O’Malley, left, and Allen walk along the Bagaduce River in the Snow Natural Area in Brooksville. Horseshoe crabs have bred for millennium in the brackish waters here. Shawn Ouellette/Staff Photographer

Along the Bagaduce, the crabs spawn beside the 40-acre Snow Natural Area that has 2,550 feet of river frontage under conservation, making the breeding season a true spectator event. The land trust has been holding the horseshoe crab walk ever since it acquired the Snow property in 2014, when it merged with The Conservation Trust of Brooksville, Penobscot and Castine.

Locals have been coming to the Bagaduce for generations to see the crabs breed in springtime.

There’s an inlet where the popular Bagaduce Lunch stand sits on Route 175 where you can get take out, sit on the lawn or at a picnic table, and watch the crabs breeding on the beach below.

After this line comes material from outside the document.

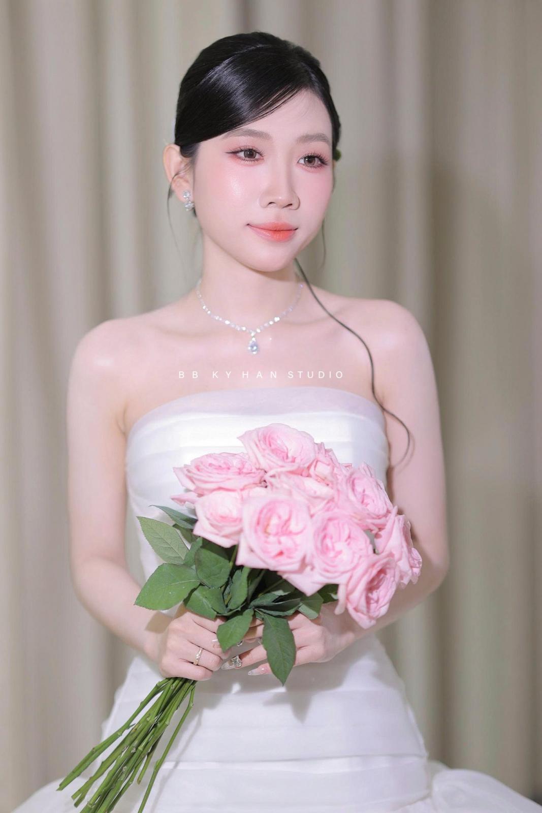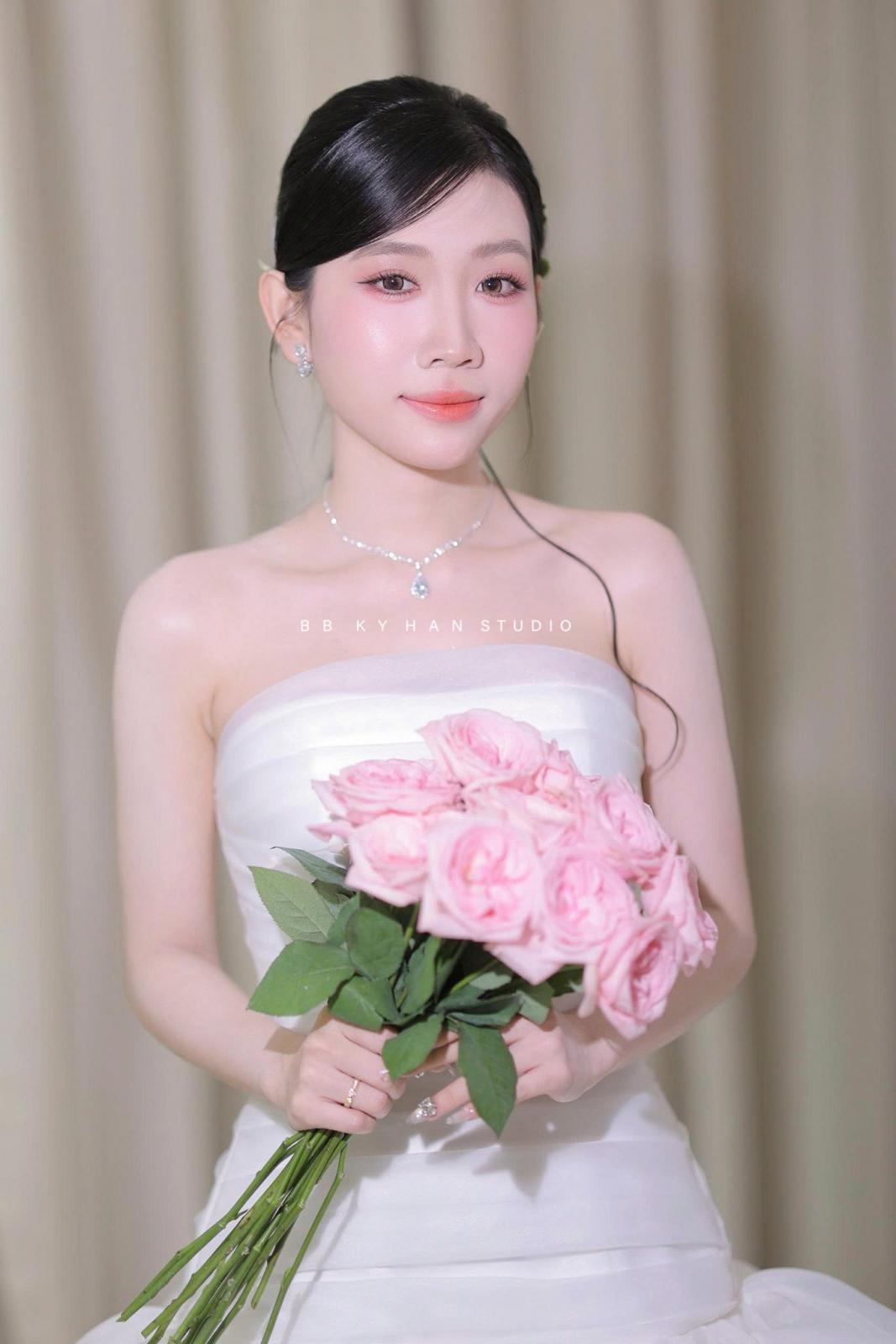 Makeup tone Hồng Cam nhẹ nhàng cho nàng dâu chụp tại studio style Hàn

The seasonal eatery has been in the same family for more than 50 years, and Allen said horseshoe crab watching has been a summer activity here for at least as long.

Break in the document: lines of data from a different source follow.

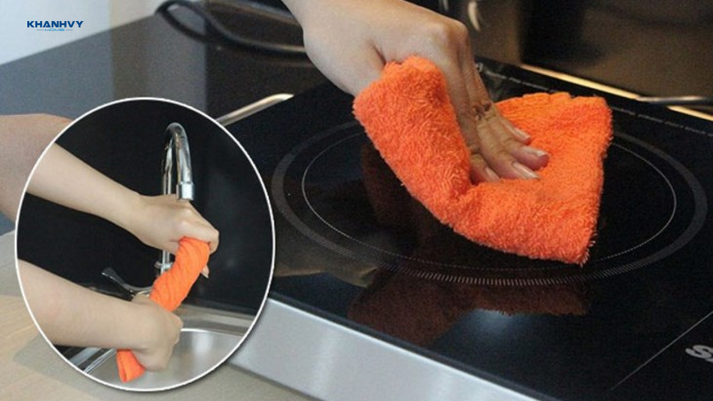 Sử dụng nước ấm và khăn mềm vệ sinh bếp từ
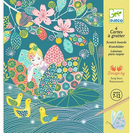 4 cuadros para rascar paso a paso y descubrir unas ilustraciones de bonitos colores
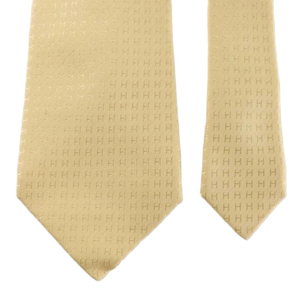 エルメス HERMES ネクタイ 絹 シルク ワイドタイ Hロゴ 総柄 クリーム色 /XZ ■OH ■GY19 メンズ
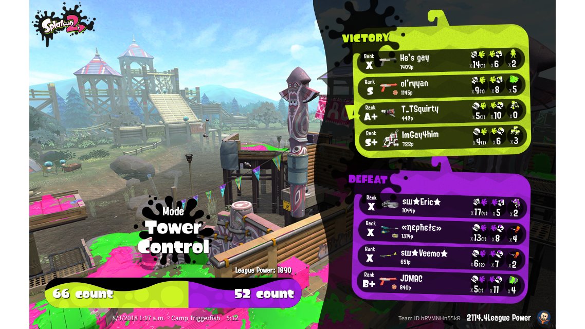 | Mode | Tower Control - League Battle (Twin) | ||||||||||||||||||||||||||||||||||
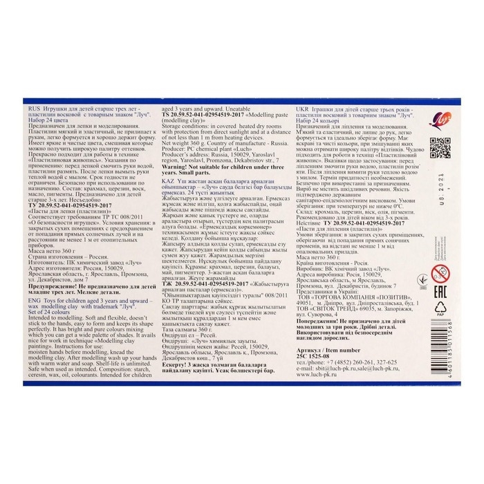 Пластилин мягкий (восковой) Calligrata, 24 цвета, 360 г
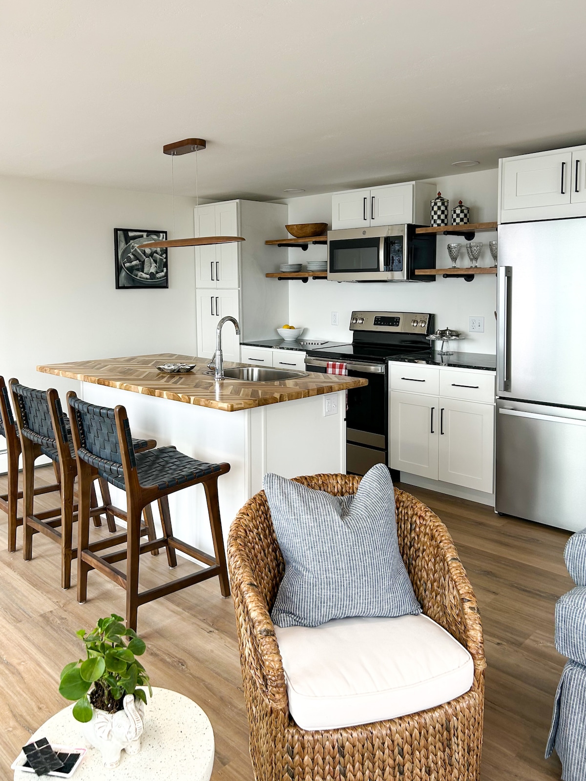 Genieße die Erkundung von Charming Clayton und den 1000 Inseln in unserer neuesten, umgebauten Seabreeze-Themensuite, Waterfront zu unserer Bucht, ausgestattet mit modernen Annehmlichkeiten und gehobenen Details vom Kingsize-Bett bis zur begehbaren Dusche! Komplett mit Küchenzeile, die mit allem Notwendigen ausgestattet ist, und einem Ausziehsofa, das sich hervorragend für einen dritten Gast eignet! Unsere gut isolierte Einheit verfügt über einen Smart-TV mit Streaming, schnelles WLAN, sofortiges Warmwasser und eine zentrale Lage, mit Anlegestelle für Boote und zum Angeln (Zuschlag)!
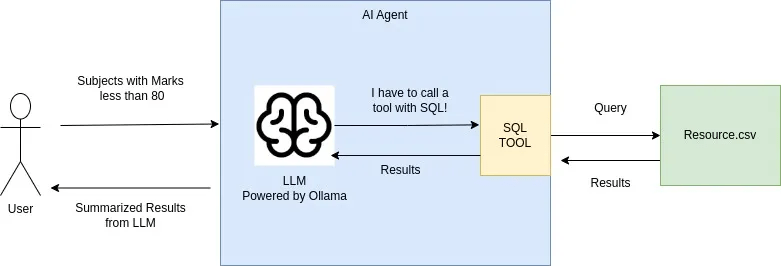 LLM 判斷:需要調用 querycsv,生成 SELECT AVG(marks) FROM df。
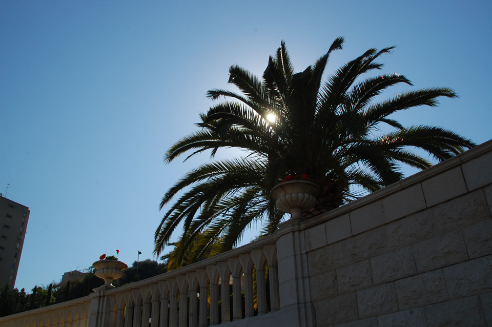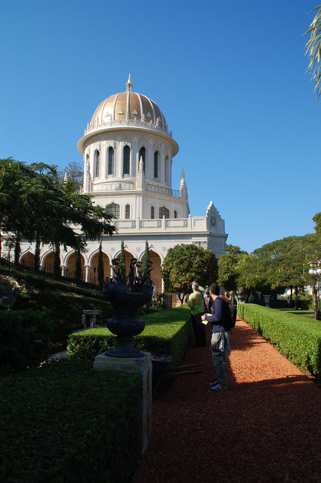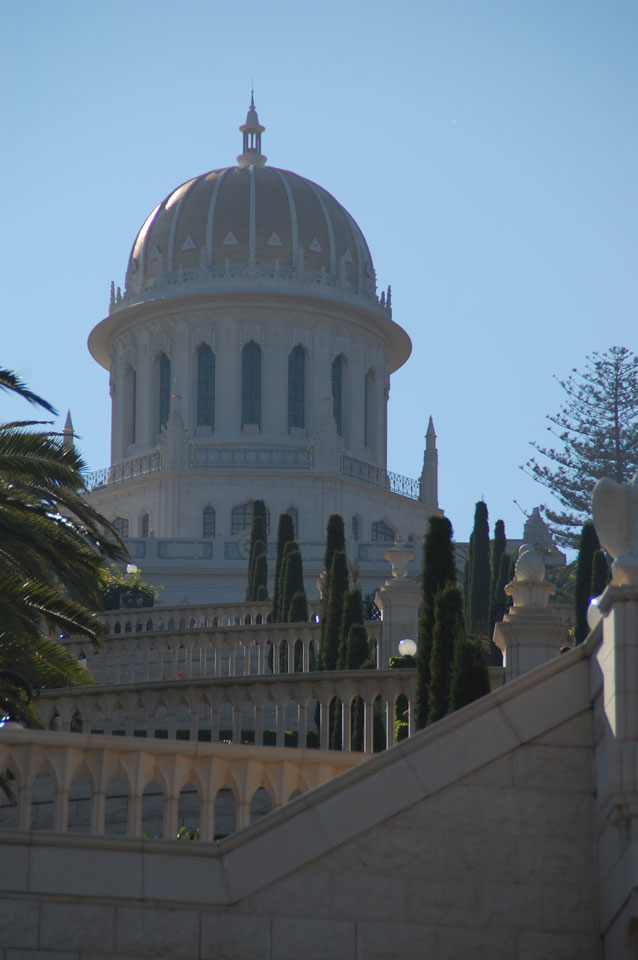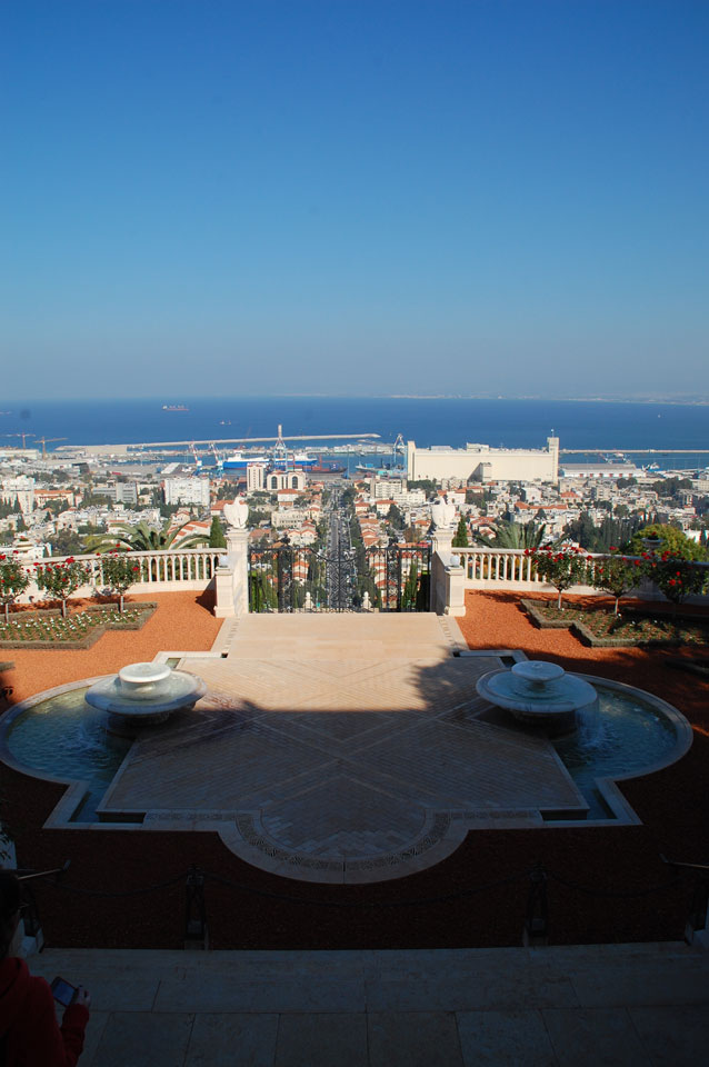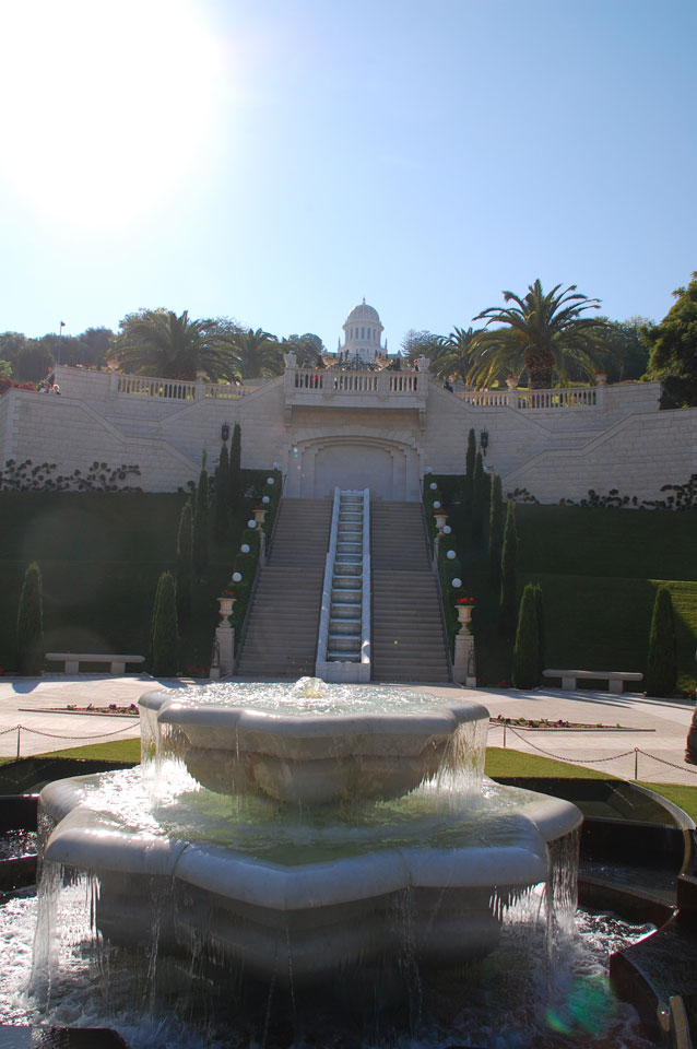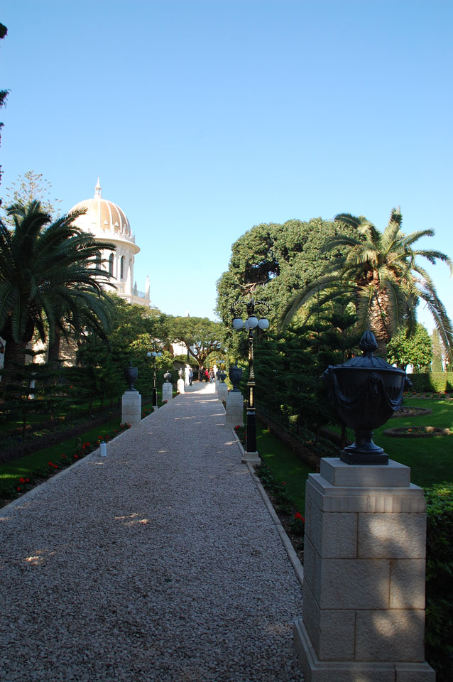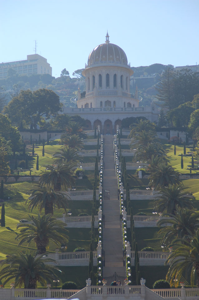 Die Bahá’í Gärten waren sicher eine der saubersten Gärten, die ich jemals sah. Blank geputzte Wege, herrliches Wetter. Ich sah den Schrein, in dem keine Photos erlaubt waren. Ein paar Blumen und Kerzen, was mir nicht viel sagte. Ich habe mit der Religion eben nichts am Hut.

“I can remember going down the boat landing as a kid and watching them,” Allen said.

“We get 30 to 40 people of all ages who come to the (Blue Hill Heritage Trust horseshoe crab) program, both kids and adults.” she added. “A lot of adults don’t know they’re here, or that they’re prehistoric. For us, it marks the opening of summer when the horseshoe crabs arrive.”